HOUSE FINANCIAL SERVICES COMMITTEE MARKUP OF THE CLARITY ACT
On June 11, the House Financial Services Committee advanced the Digital Asset Market Clarity (CLARITY) Act of 2025 out of Committee, with a bipartisan vote of 32—19, following a markup of the Act and various measures on June 10. The amendment in nature of a substitute, ANS to H.R. 3633, offered by Chairman Hill (R-AR) was accepted, with forty-some failed amendments offered by Committee Democrats. The CLARITY Act’s passage in the House Financial Services and Agriculture Committees advances the Act to the House floor for a vote. Chairman Hill’s press release on the Act’s passage is available here, with his opening statement outlining the measures under consideration available here.
OVERVIEW
The following is a summary of the main topics explored in the markup.
- Chairman Hill (R-AR) framed the CLARITY Act as landmark legislation that creates a much-needed regulatory framework for digital assets in the absence of clear and consistent rules and regulations governing its use and development. He outlined how the Act establishes a regulatory framework for digital assets and serves as a critical step towards providing legal certainty, protecting consumers, and ensuring that the U.S. remains a leader in digital innovation. He cautioned that without decisive action, the U.S. risks falling behind.
- Chairman Hill highlighted how the spot market gap between the Securities and Exchange (SEC) and the Commodity Futures Trading Commission (CFTC) jurisdiction created a regulatory void for intermediaries to operate without clear rules or protections. He criticized the Biden administration and former SEC Chair Gensler for pursuing a strategy of regulation by enforcement rather than offering clarity through formal guidance or rulemaking. He contrasted U.S. regulators’ reactive approach that created compliance uncertainty and offshoring of innovation to how other countries moved swiftly to create clear regulatory structures for digital assets and become global centers for this financial technology.
- Representatives Steil (R-WI) and Huizenga (R-MI) highlighted how the Act will cement the U.S. as the center of innovation in the digital asset space, eliminating legal ambiguity that offshored innovation and stifled U.S. investment by implementing a commonsense framework that supports responsible development.
- Representative Downing (R-MT) reiterated that the U.S. cannot cede leadership in the digital asset space, calling for the Act to appropriately account for the nuance of blockchain technology and ensure its transformative aspects are not lost to one-size-fits-all regulation.

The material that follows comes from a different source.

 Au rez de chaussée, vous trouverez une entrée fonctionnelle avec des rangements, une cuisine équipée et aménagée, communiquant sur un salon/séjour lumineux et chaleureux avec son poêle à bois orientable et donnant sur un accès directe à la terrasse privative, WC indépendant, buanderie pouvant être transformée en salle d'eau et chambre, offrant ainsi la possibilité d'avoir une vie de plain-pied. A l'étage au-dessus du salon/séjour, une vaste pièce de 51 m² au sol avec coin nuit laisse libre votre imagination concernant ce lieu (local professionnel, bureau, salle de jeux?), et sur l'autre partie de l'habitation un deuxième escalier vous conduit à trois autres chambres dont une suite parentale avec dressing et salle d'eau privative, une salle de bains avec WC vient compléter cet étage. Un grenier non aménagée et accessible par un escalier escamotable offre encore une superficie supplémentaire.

- Committee Republicans discussed how the Act provides long overdue regulatory certainty by clearly defining the roles of the SEC and CFTC, closing the spot market gap, and applying proven market safeguards to the digital asset space, with consumer protection and innovation on equal footing.

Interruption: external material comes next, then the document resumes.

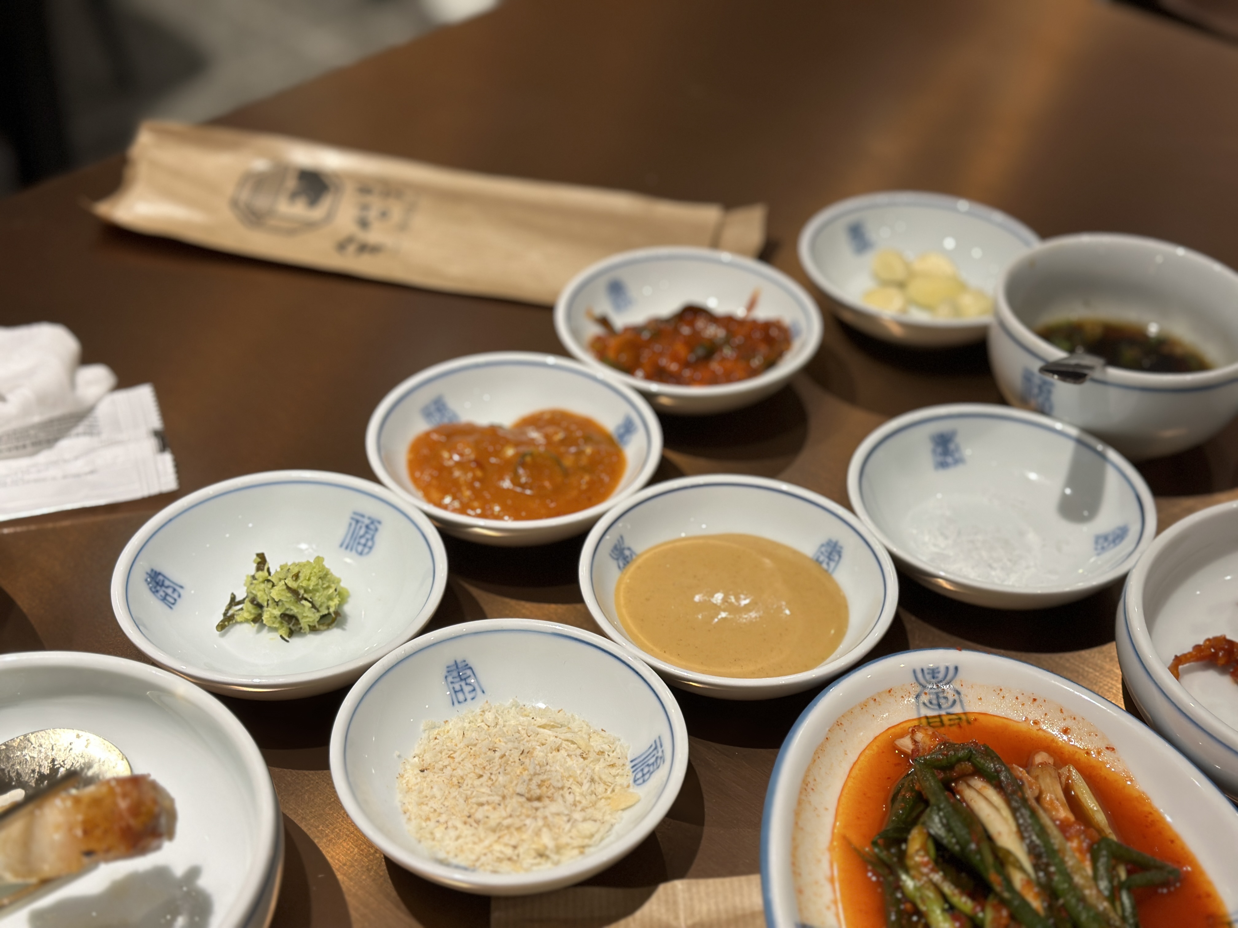 기본 세팅도 꽤나 푸짐합니다. 파채무침, 파김치, 감자샐러드 등등 기본 찬도 훌륭하며, 소스류도 꽤 많습니다.

- Representative Huizenga referenced support for, and inclusion of, the Blockchain Regulatory Certainty Act as a further means of providing investment and market certainty for developers and innovators, instead of creating arbitrary barriers and unachievable registration guidelines.
- Chairman Hill noted that the Act sets statutory requirements for what constitutes a mature blockchain and grants the SEC discretion to define additional qualifications. He affirmed that the Act fully authorizes necessary funding for the SEC to fulfill its responsibilities and noted that the SEC provided extensive technical assistance in drafting, including analysis of staffing needs.

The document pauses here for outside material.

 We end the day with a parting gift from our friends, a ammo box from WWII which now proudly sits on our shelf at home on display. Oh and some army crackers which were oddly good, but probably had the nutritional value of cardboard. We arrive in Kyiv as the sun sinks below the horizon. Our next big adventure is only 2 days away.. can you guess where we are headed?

- Representative Steil explained the SEC would retain the ability to rebut or reject a certification, and would maintain oversight throughout the process. He added that an issuer’s intent to mature would be disclosed in the offering statement, which is subject to SEC enforcement under Section 17 of the Securities Act for any misleading statements. He emphasized that the structure adds rigor, not a loophole, and clarified that the intent to mature relates solely to qualifying for the codified exempt offering, not to be formally certified as mature. He also noted that maturity is accounted for in both eligibility for the exempt offering as well as insider sales restrictions.
- Representative Norman (R-SC) outlined and supported the Act’s inclusion of national security provisions to promote transparency regarding how strategic enemies may be exploiting the digital asset marketplace, raising concerns about potential national security risks associated with such foreign ownership. He pointed to Section 313 and Section 314 directives to Treasury Secretary Bessent, alongside the CFTC and SEC, to study and report to Congress on digital asset registrants owned by governments of foreign adversaries.
- Democrats, led by Ranking Member Waters (D-CA), criticized the Act as a vehicle to further the President’s crypto corruption, citing that it does nothing to address blatant conflicts of interest nor avenues for corruption and bribery. She referenced Section 103’s exclusion for collectibles from the definition of a digital commodity, questioning Chairman Hill on whether it would exclude memecoins from regulation.
- Representative Foster (D-IL) questioned the self-certification process for mature blockchain systems’ allowance of issuers to self-certify with the intention of achieving decentralization, flagging default acceptance of a self-certification as a loophole. He also raised additional resources required for the SEC to adequately review potentially large volumes of self-certifications, requesting due diligence estimates and technical assistance documentation.